Image Warping and Mosaicing

Other than my own photos, I used images from Adobe panoramic images database.

Before warping the images into alignment, I need to recover the parameters of the transformation between each pair of images. The transformation is a homography: p’=Hp, where H is a 3x3 matrix with 8 degrees of freedom. One way to recover the homography is via a set of (p’,p) pairs of corresponding points taken from the two images. My homography functions takes the image1 points and image2 points as arguments. They are n-by-2 matrices holding the (x,y) locations of n point correspondences from the two images and H is the recovered 3x3 homography matrix.

To solve homography in python, I used numpy.lstsq, which approximates the overdetermined system using the least square method.

After discovering the homographies, we need to apply the transformation matrix \(H\) to all the pixels. I used forward wrapping.

Once we warped the image, we would have a rectified picture. We can rectify images and create frontal-parallel or ground-parallel views of images without using any novel data.
I recovered the homography by computing the projective transformation matrix, H, between the two sets of points. Then, I used the corrospondences to setup a system of linear equations and solved using least squares to find the parameters for the homography. This homography then allowed us to compute the transformation on the entire image.

We finally create digital mosaics and panoramas by stitching together pairs of images. I used alpha calibration blending.

The results are the following:

First, I familarized myself with homography. When I took the Introduction to Robotics class, I once utilized it to transformed the image taken from the robot's wrist camera. Now, after implementing the function by myself, I noticed it is powerful but not mathematically complicated.
Second, I was surprised at how accurate image rectification can really be, and especially how it can be used to view shapes and drawings from completely different angles, offering new perspectives on elements of our visible world!

The interest points we use are multi-scale Harris corners [1, 2]. I used min_distance=1 so the results contain a large number of points. Below are the Harris interest points for our picture frame images.

Below is the suppressed Harris Interest Points. As can be seen, the amount of points has been substantially reduced, removing the points that have a low corner strength while also keeping a nice even distribution of points throughout the images.

Once we have our points between two images, we have to match them together using feature descriptors. I described each point by the 40 x 40 patch around the point. To reduce error due to noise or brightness or other factors, I gaussian blurred the patch and down sampled it to an 8 x 8 feature descriptor. Finally, I subtracted the mean and divided by the standard deviation for each patch.

Given Multi-scale Oriented Patches extracted from all images, we are going to find geometrically consistent feature matches between all images. I looked at each interest point in one image, and compare the distance between its feature descriptor and the feature descriptor of every interest point in the other image. I kept track of the minimum distance and the 2nd-to-smallest distance from the patch in the source image to every patch the destination image. If this ratio of the minimum distance to the 2nd-to-smallest distance is small enough, then I included it as a pair of matching features.

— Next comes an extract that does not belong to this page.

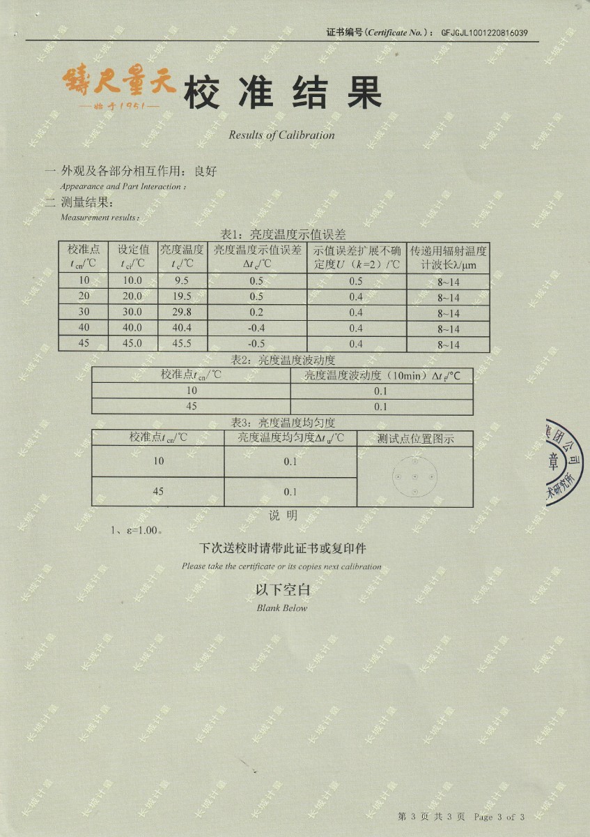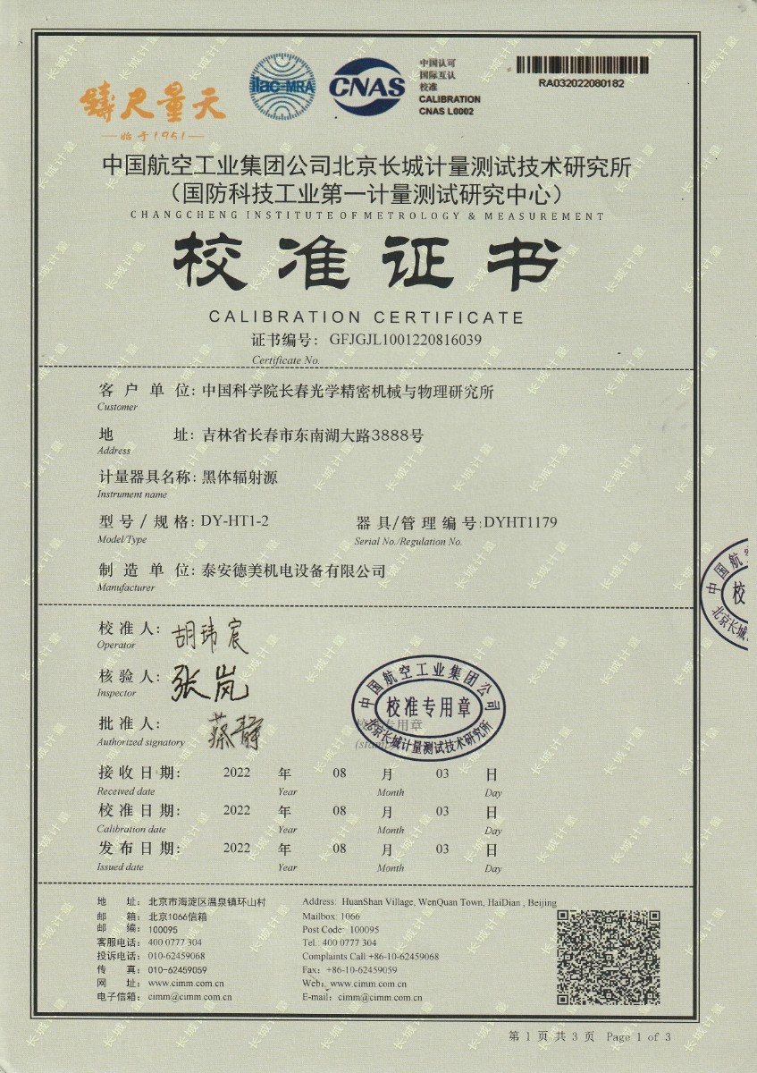 上一條:中國(guó)科學(xué)院長(zhǎng)春光學(xué)精密機(jī)械與物理研究所-黑體爐DY-HT1-1 | 下一條:超低溫面源黑體爐(-40-80℃)校準(zhǔn)證書(shū) |

We now have a map of correspondences and need to compute the morph. I then used the random consensus sampling algorithm or RANSAC to find the best set of points. First, I randomly selected 4 points from my array of points and calculated the homography for these points. I used it to warp the left image points into the right image points. Afterwards, I calculated the Euclidean distance between random transformed points to the actual points of the right image. I repeated this process for about 1000 iterations and at the end selected the homography that gave me the largest set of inlier points. We can run RANSAC.

The below images are the mosaic image that was created with manual correspondence points and the mosaic image that was created with our automatic correspondences. The left are the manual selected results from Part A, and the right are the auto selected results. As the images show, the manual selected results are better than the auto-stitched results.

I really enjoyed working on the part B of this project. Panorama is a function that I used a lot for photography. I think it’s amazing how something as simple as corners can be used to identify real objects such as tables, couches, carpet designs and more. If I had more time, I would like to use machine learning methods to detect the features.